Recorded data START

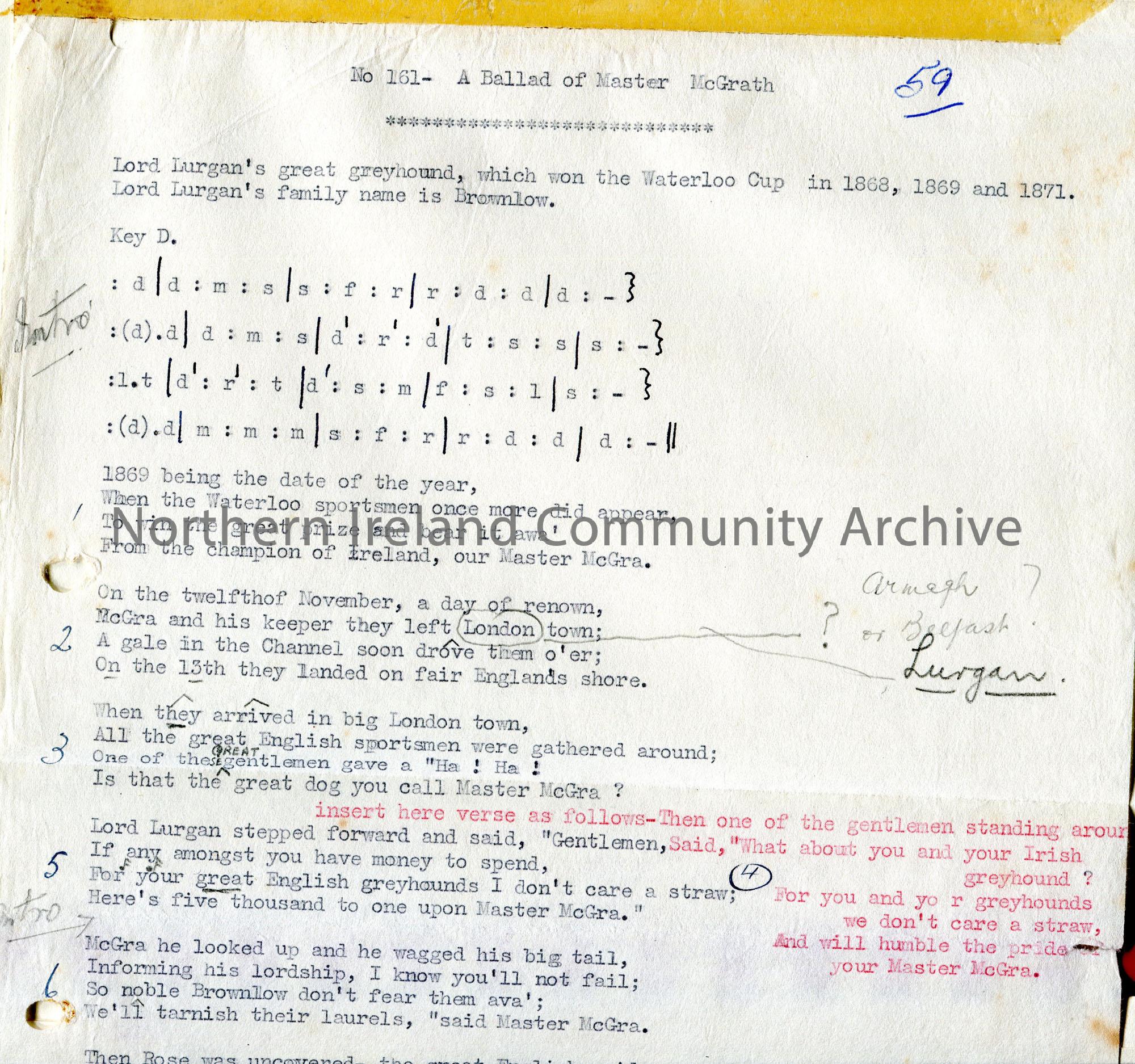 Typed tonic sol-fa notation and words to song titled, 'No. 161 - A Ballad of Master McGrath'. Annotated in pencil - note to omit verses, additional verse typed in red.
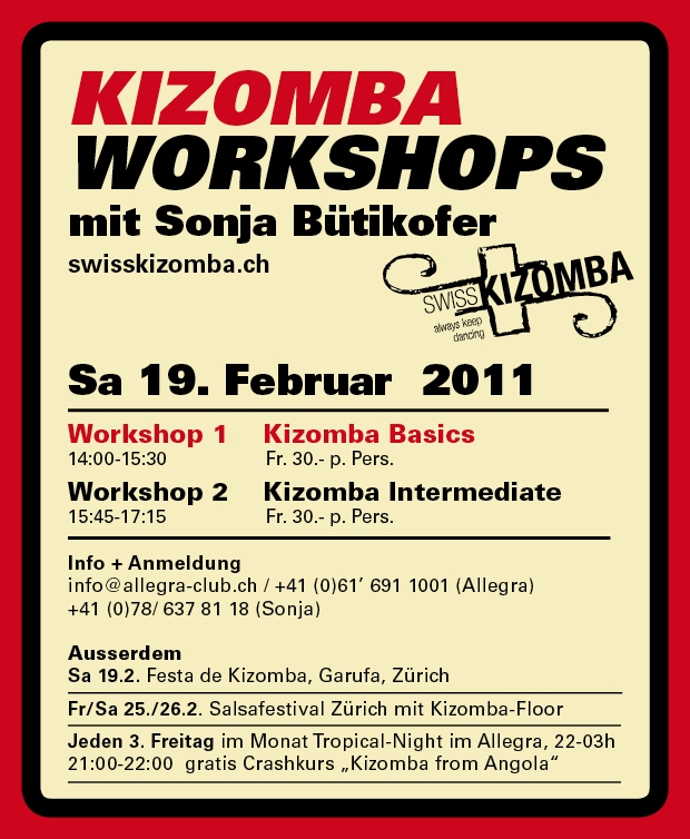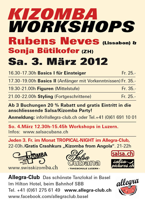 Samstag 24.Januar 2009 Salsa/Samba-Night mit DJ Plinio Show (Souk & Samba de Gafieira) der Tanzschule „salsalegria“ aus Zürich. 21:30h bis 22:00h Gratis Crash Kurs für unsere Gäste „Zouk Brasil“ mit Nancy von „salsalegria“ www.salsalegria.ch |
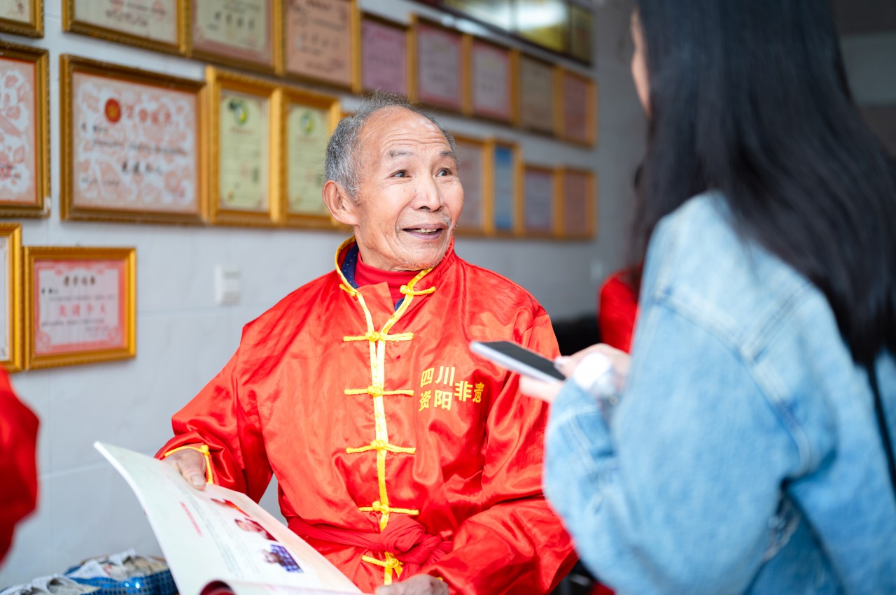 他见证了堪嘉狮舞最辉煌的岁月。“这项技艺起源于明朝成化年间,最初是刘姓族人清明祈福、驱魔辟邪的地浪狮舞,后借助川剧庙戏的兴盛,演变为如今的高台狮舞。曾经,堪嘉狮舞是清明庙会、红白喜事里不可或缺的‘重头戏’。”回忆往昔,老人眼睛发亮,“十二张桌子搭起近10米高台,我们一路舞到塔顶,在四只桌脚上完成‘海底捞月’‘雄狮晒背’等绝活,观众围得里三层外三层,底下掌声像打雷。”
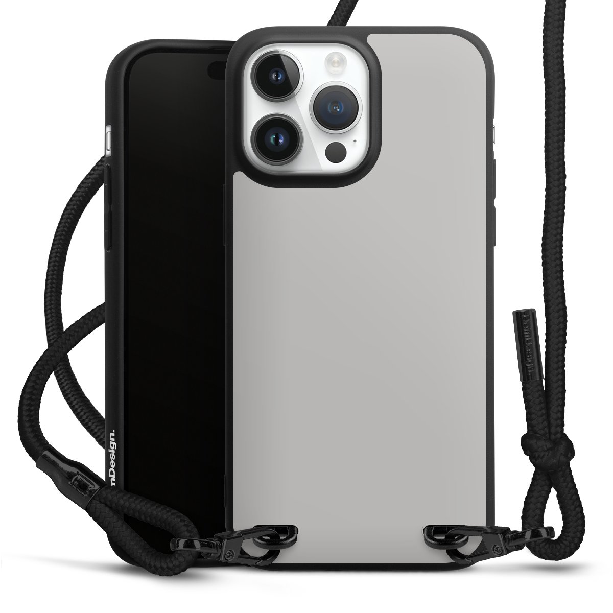 Pure Black: Phone case, fabric strap and metal details in stylish matt black.

Recorded data END

Could you reproduce exactly the lines running from the one with "他见证了堪嘉狮舞最辉煌的岁月" through the final line of the listing above, both included, and drop the pictures?

Solution below:
 他见证了堪嘉狮舞最辉煌的岁月。“这项技艺起源于明朝成化年间,最初是刘姓族人清明祈福、驱魔辟邪的地浪狮舞,后借助川剧庙戏的兴盛,演变为如今的高台狮舞。曾经,堪嘉狮舞是清明庙会、红白喜事里不可或缺的‘重头戏’。”回忆往昔,老人眼睛发亮,“十二张桌子搭起近10米高台,我们一路舞到塔顶,在四只桌脚上完成‘海底捞月’‘雄狮晒背’等绝活,观众围得里三层外三层,底下掌声像打雷。”
 Pure Black: Phone case, fabric strap and metal details in stylish matt black.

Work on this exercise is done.